EXERCISE DESCRIPTION
The whole listing is to be written out again exactly; the pictures are not.

*** PROVIDED DATA Section Begins ***

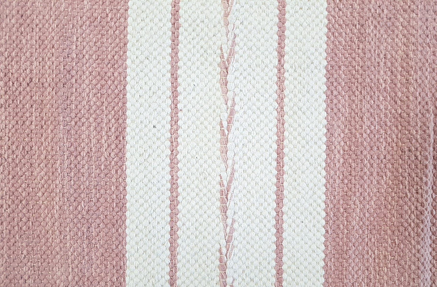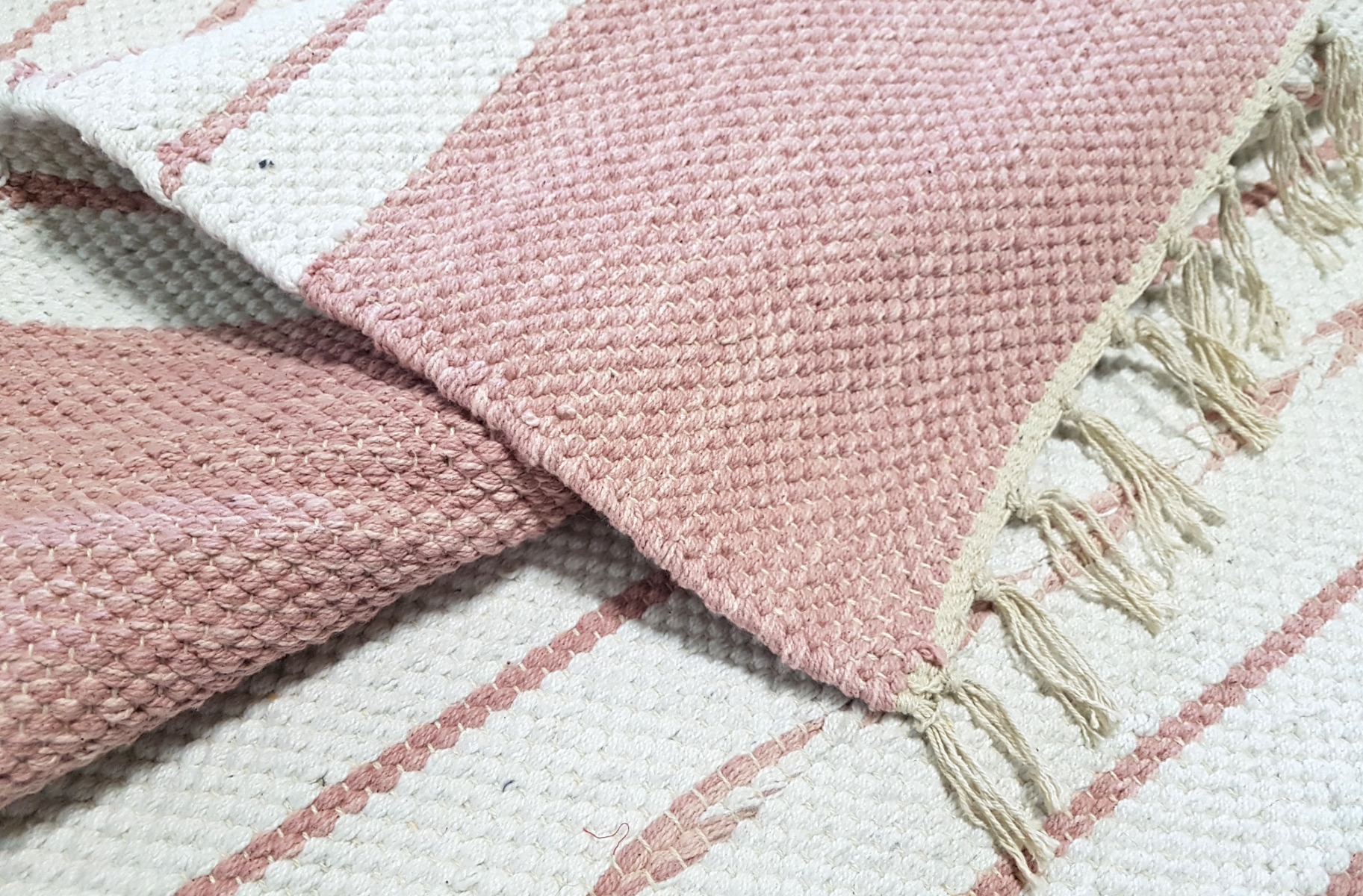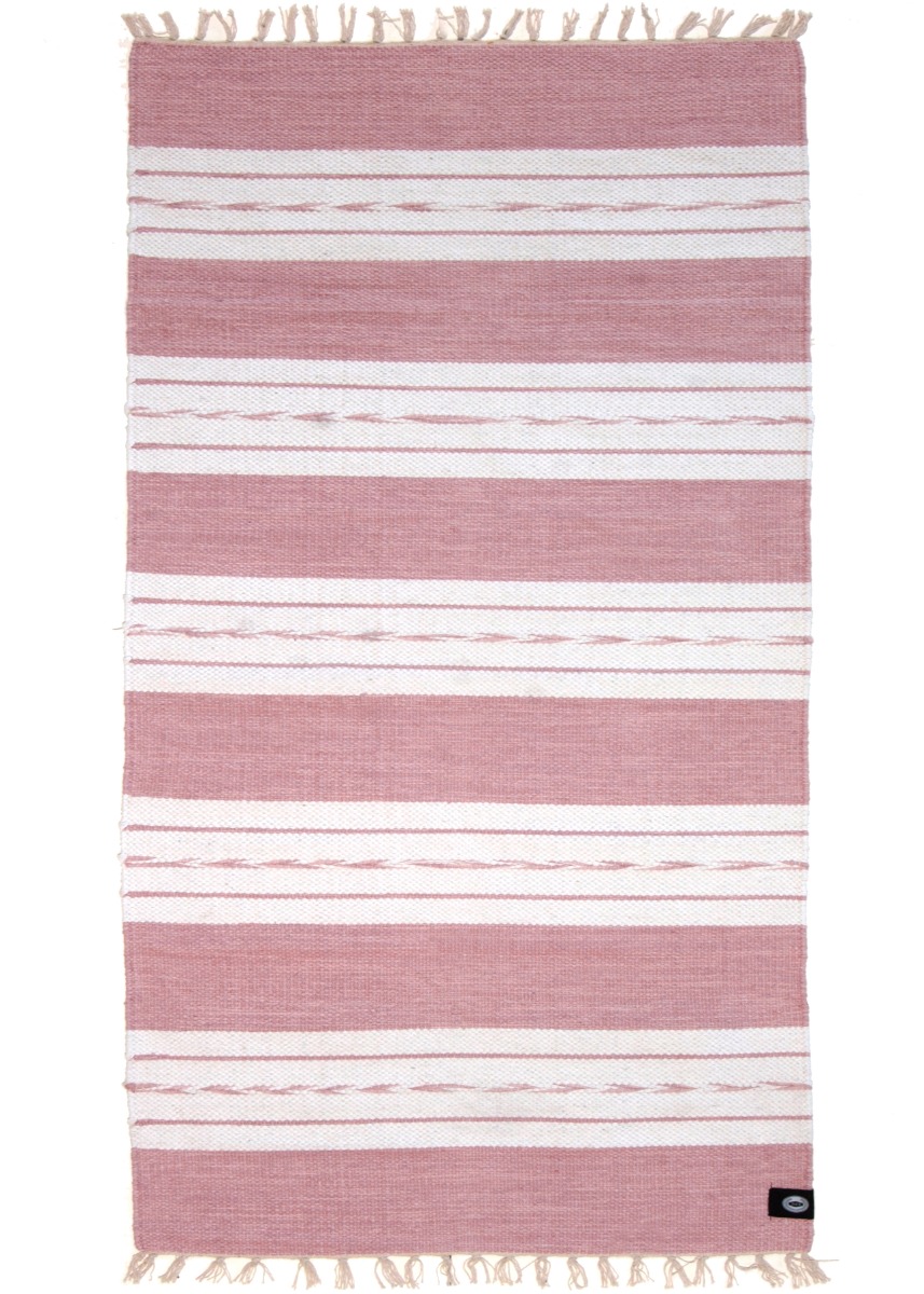 Rosa bomullstrasmatta med cirka 10 mm tjocklek som förhöjer hemmet med mjukhet och värme. Ett stilfullt, lättskött tillskott i din inredning.
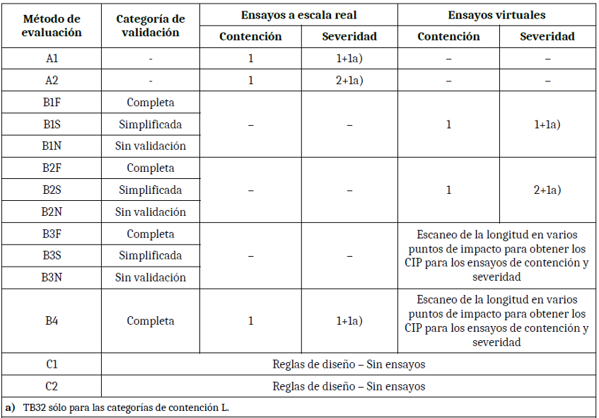 Sin embargo, la Nota Técnica también señala que la administración aún no se ha posicionado sobre cuál de los métodos de evaluación debe utilizarse en cada caso, dependiendo de las características de las barreras y pretiles a conectar o de las condiciones particulares de la vía.
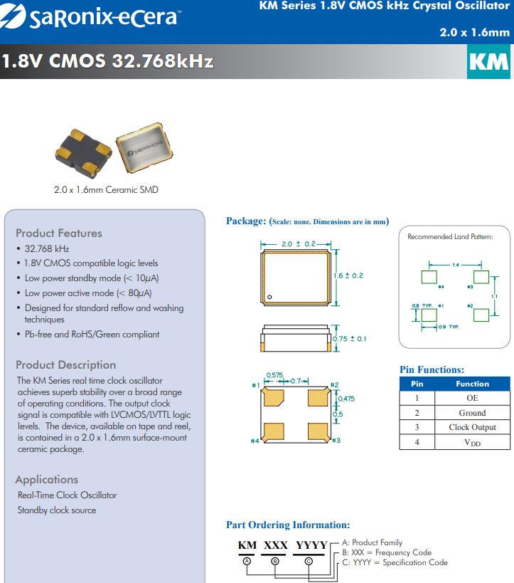 KM3270002特性:32.768千赫,1.8V CMOS兼容邏輯電平,低功耗待機(jī)模式(< 10μA),低功率有功模式(< 80μA),設(shè)計為標(biāo)準(zhǔn)回流和清洗技術(shù),無鉛,符合RoHS/綠色標(biāo)準(zhǔn)

*** PROVIDED DATA Section Ends ***

EXERCISE ANSWER
 Rosa bomullstrasmatta med cirka 10 mm tjocklek som förhöjer hemmet med mjukhet och värme. Ett stilfullt, lättskött tillskott i din inredning.
 Sin embargo, la Nota Técnica también señala que la administración aún no se ha posicionado sobre cuál de los métodos de evaluación debe utilizarse en cada caso, dependiendo de las características de las barreras y pretiles a conectar o de las condiciones particulares de la vía.
 KM3270002特性:32.768千赫,1.8V CMOS兼容邏輯電平,低功耗待機(jī)模式(< 10μA),低功率有功模式(< 80μA),設(shè)計為標(biāo)準(zhǔn)回流和清洗技術(shù),無鉛,符合RoHS/綠色標(biāo)準(zhǔn)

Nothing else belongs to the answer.